### Records for processing
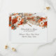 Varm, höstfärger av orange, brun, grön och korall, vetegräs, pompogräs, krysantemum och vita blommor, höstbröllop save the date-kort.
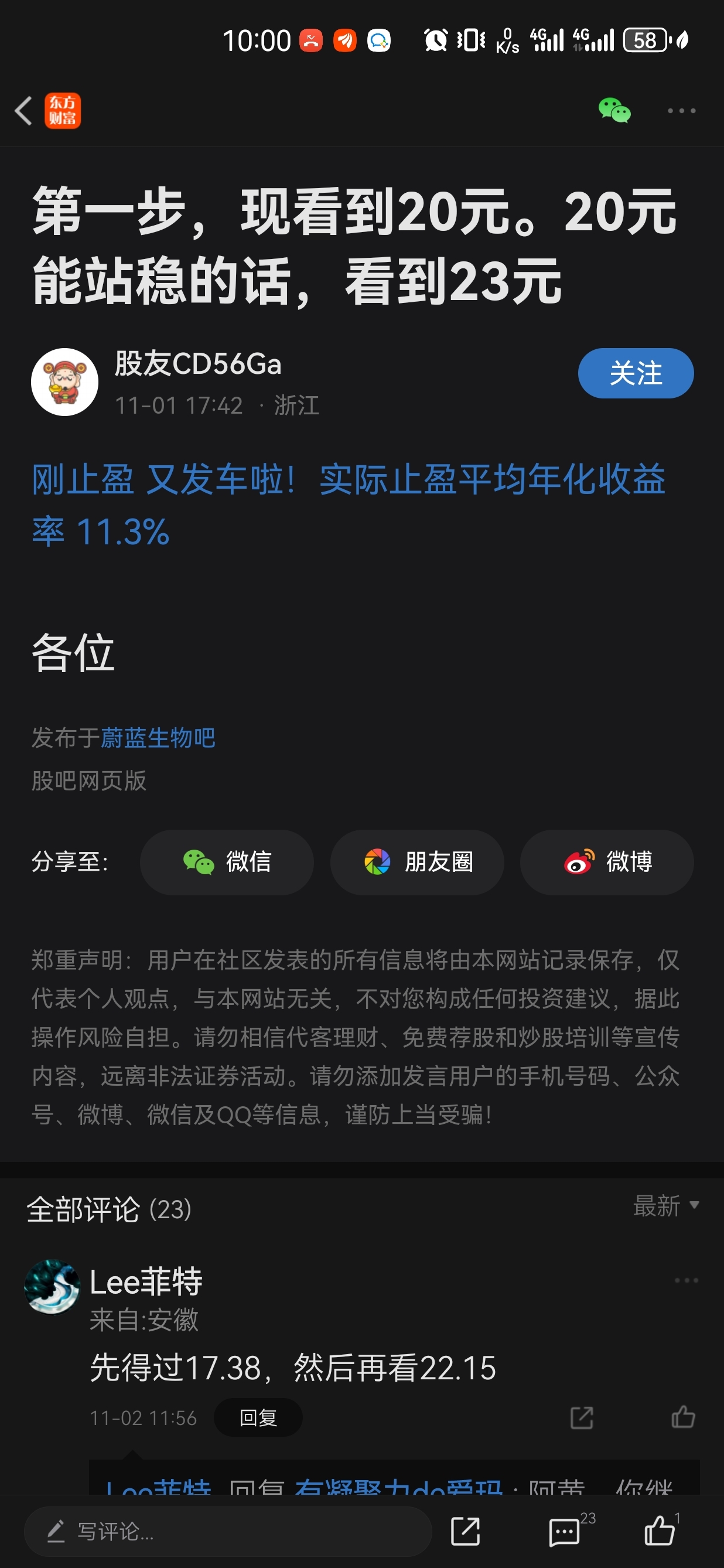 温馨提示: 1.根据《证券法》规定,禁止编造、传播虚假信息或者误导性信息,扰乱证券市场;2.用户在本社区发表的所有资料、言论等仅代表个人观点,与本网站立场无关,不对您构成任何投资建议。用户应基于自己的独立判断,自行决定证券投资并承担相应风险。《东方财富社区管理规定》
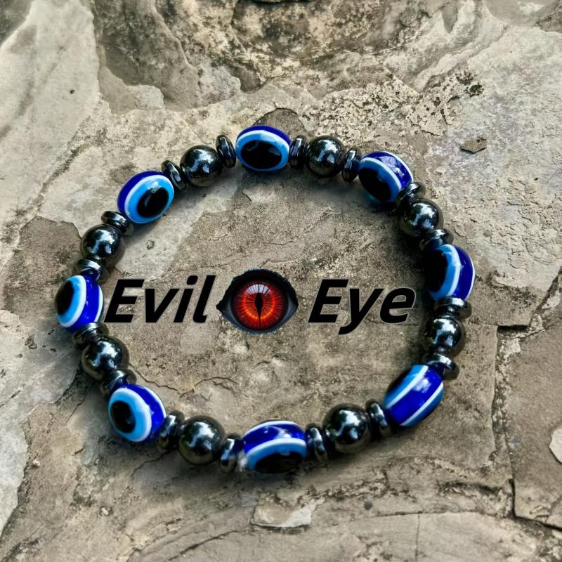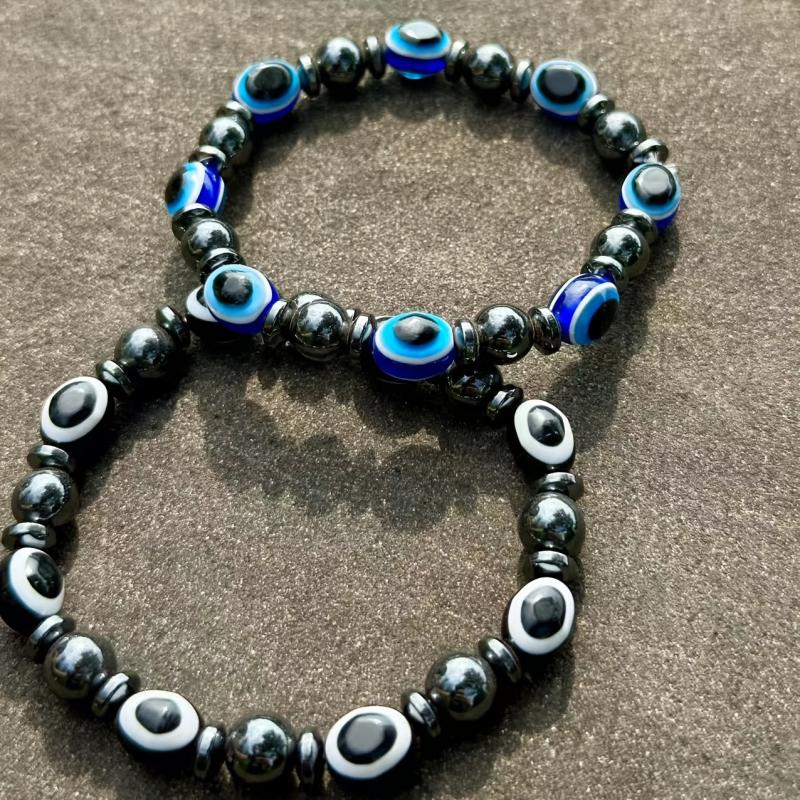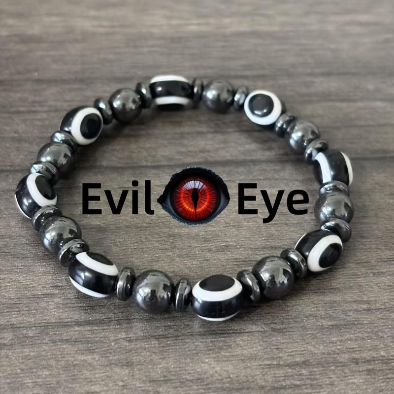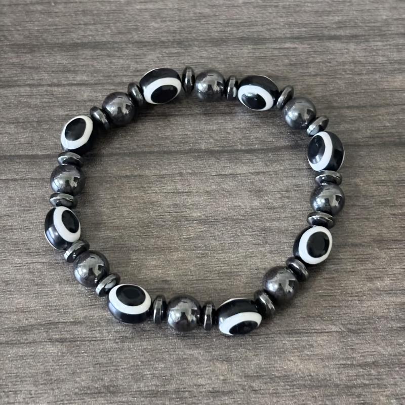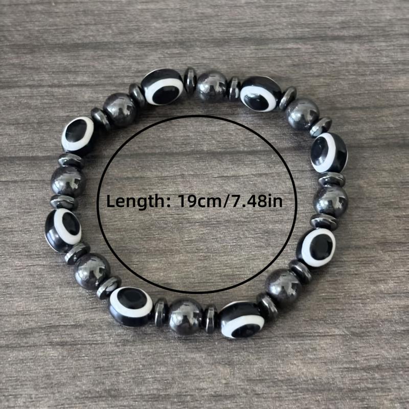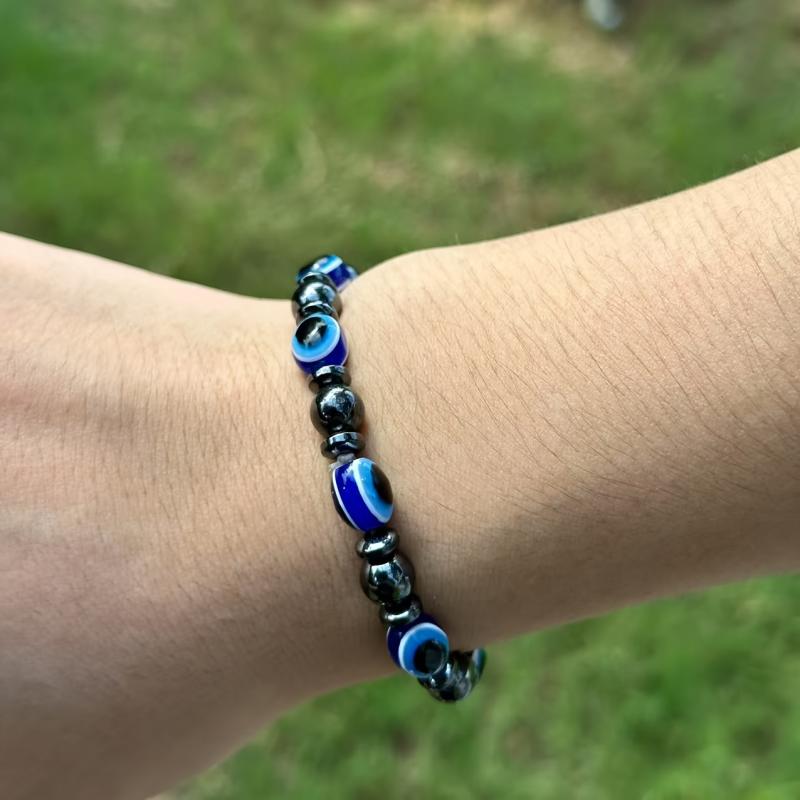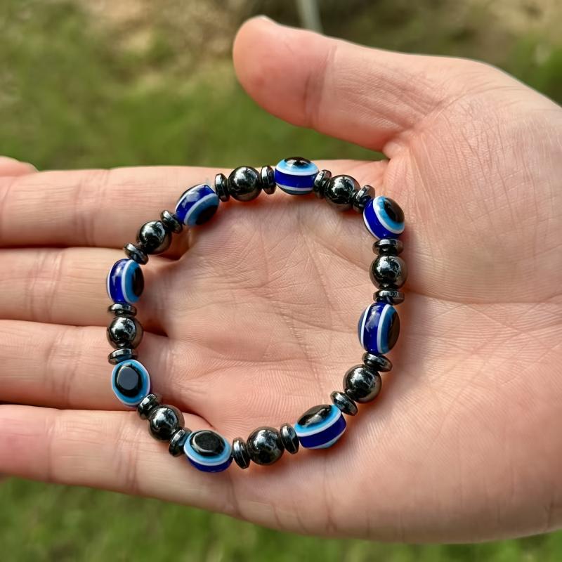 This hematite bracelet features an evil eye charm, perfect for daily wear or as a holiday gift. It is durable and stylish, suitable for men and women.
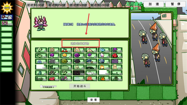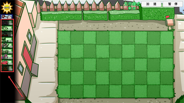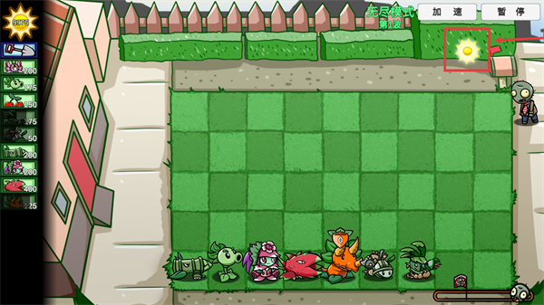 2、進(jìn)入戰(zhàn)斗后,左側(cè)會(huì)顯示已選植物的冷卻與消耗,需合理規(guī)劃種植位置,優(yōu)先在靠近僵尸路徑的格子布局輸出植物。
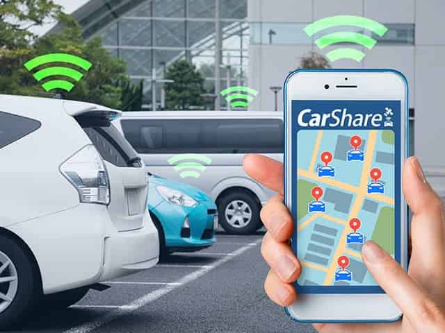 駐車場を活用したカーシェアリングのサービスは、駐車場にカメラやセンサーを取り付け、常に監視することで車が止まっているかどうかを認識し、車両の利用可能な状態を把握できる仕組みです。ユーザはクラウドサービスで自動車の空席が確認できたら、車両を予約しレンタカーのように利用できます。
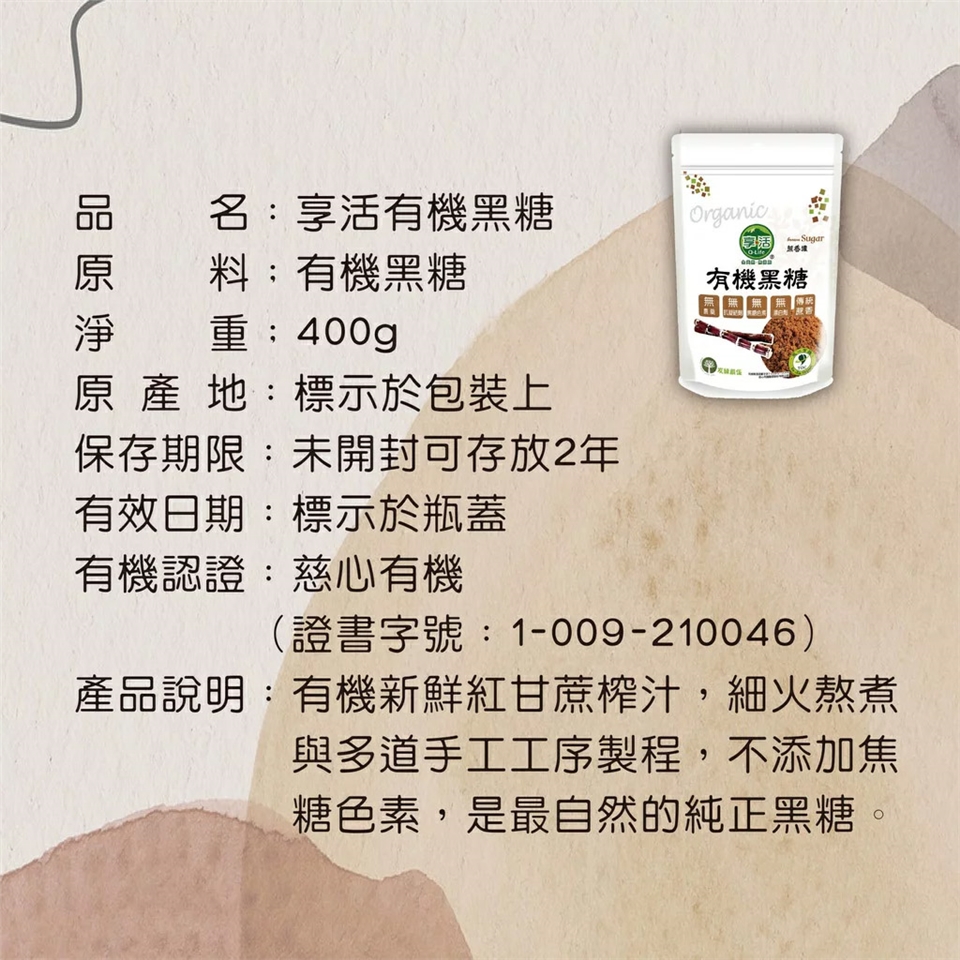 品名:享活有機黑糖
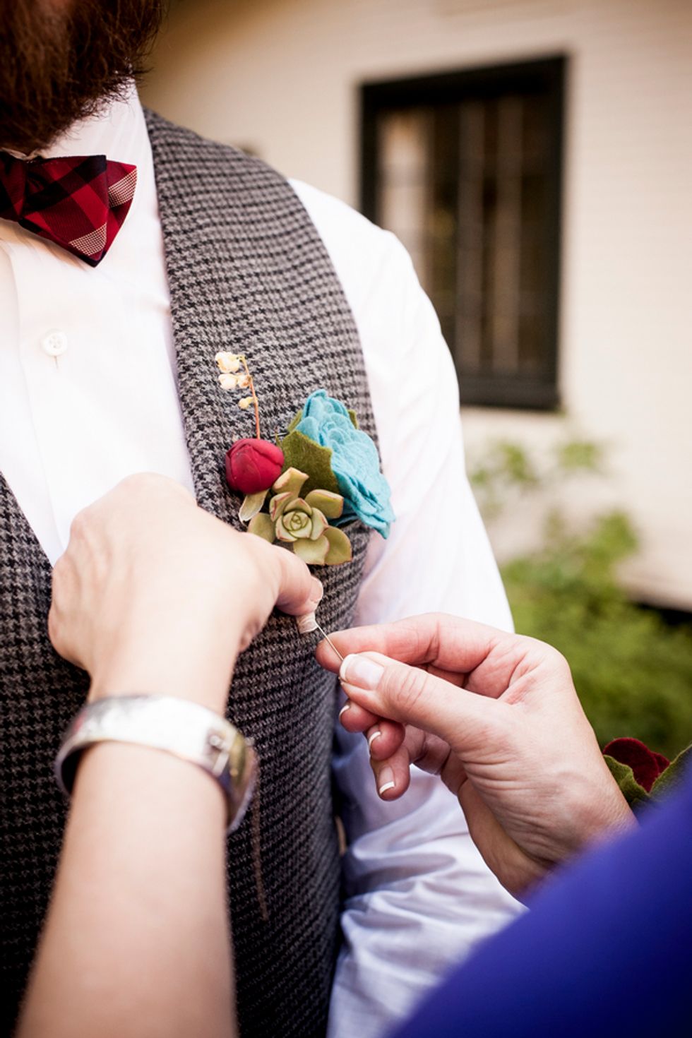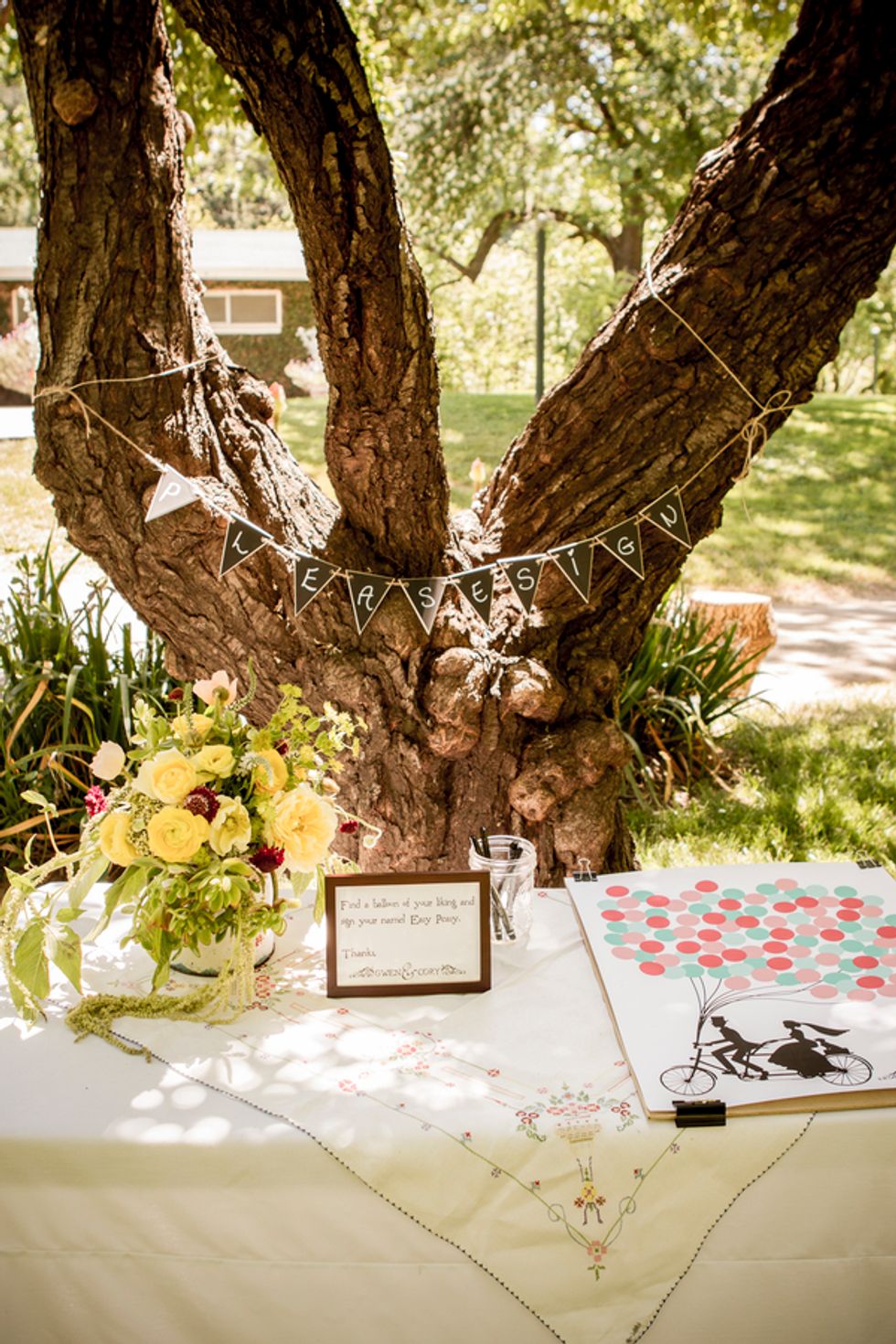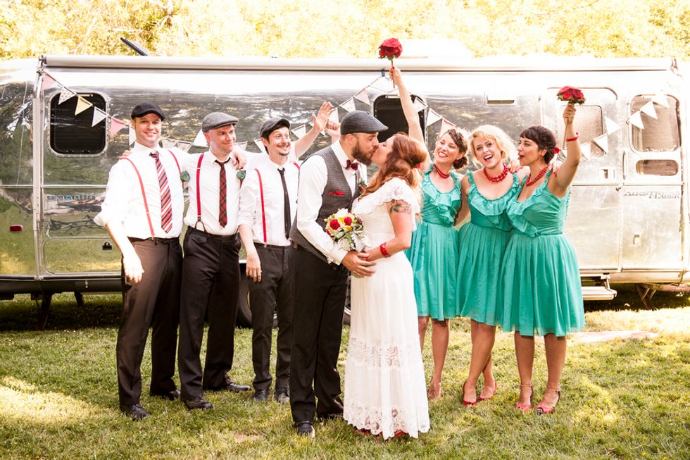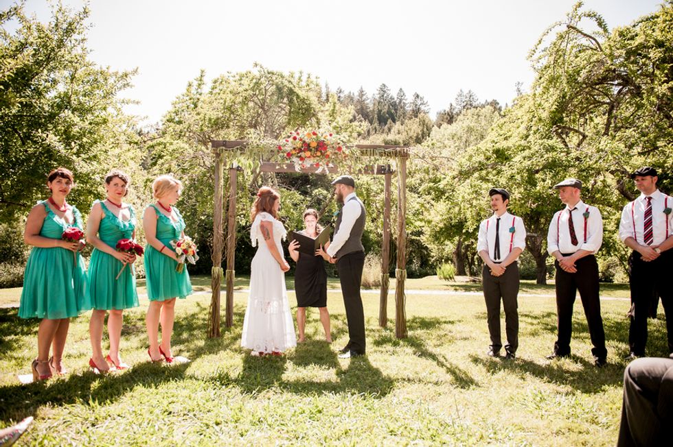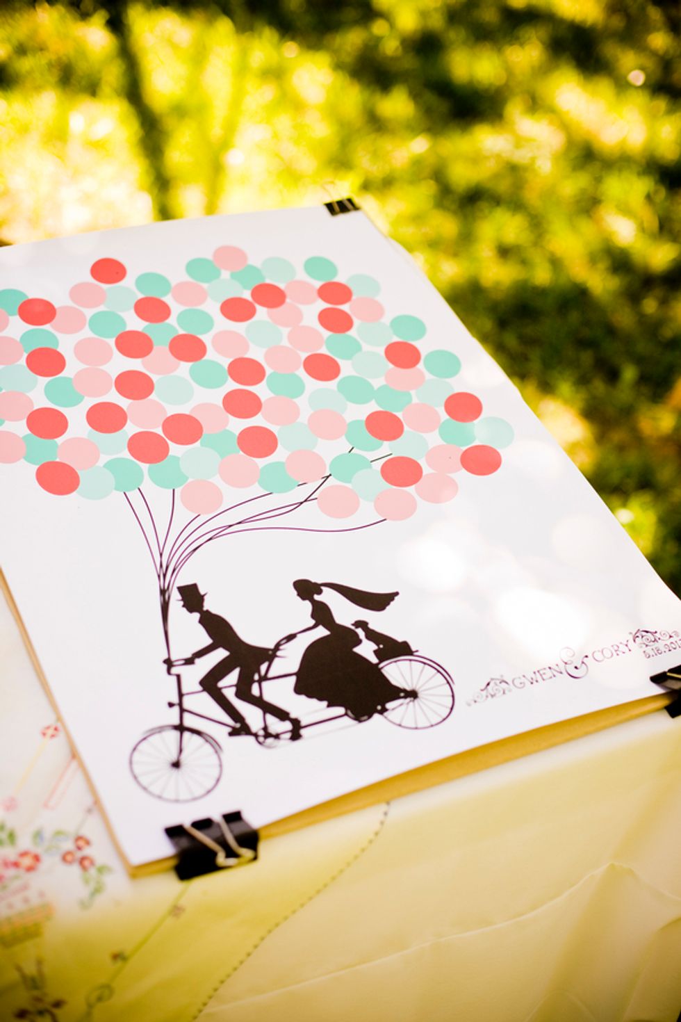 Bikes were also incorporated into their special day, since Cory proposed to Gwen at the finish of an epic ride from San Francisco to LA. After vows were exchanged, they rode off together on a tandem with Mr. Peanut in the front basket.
######
▶ [Work order]
Give the records again exactly, pictures left out.

▶ [Exercise output]
 Varm, höstfärger av orange, brun, grön och korall, vetegräs, pompogräs, krysantemum och vita blommor, höstbröllop save the date-kort.
 温馨提示: 1.根据《证券法》规定,禁止编造、传播虚假信息或者误导性信息,扰乱证券市场;2.用户在本社区发表的所有资料、言论等仅代表个人观点,与本网站立场无关,不对您构成任何投资建议。用户应基于自己的独立判断,自行决定证券投资并承担相应风险。《东方财富社区管理规定》
 This hematite bracelet features an evil eye charm, perfect for daily wear or as a holiday gift. It is durable and stylish, suitable for men and women.
 2、進(jìn)入戰(zhàn)斗后,左側(cè)會(huì)顯示已選植物的冷卻與消耗,需合理規(guī)劃種植位置,優(yōu)先在靠近僵尸路徑的格子布局輸出植物。
 駐車場を活用したカーシェアリングのサービスは、駐車場にカメラやセンサーを取り付け、常に監視することで車が止まっているかどうかを認識し、車両の利用可能な状態を把握できる仕組みです。ユーザはクラウドサービスで自動車の空席が確認できたら、車両を予約しレンタカーのように利用できます。
 品名:享活有機黑糖
 Bikes were also incorporated into their special day, since Cory proposed to Gwen at the finish of an epic ride from San Francisco to LA. After vows were exchanged, they rode off together on a tandem with Mr. Peanut in the front basket.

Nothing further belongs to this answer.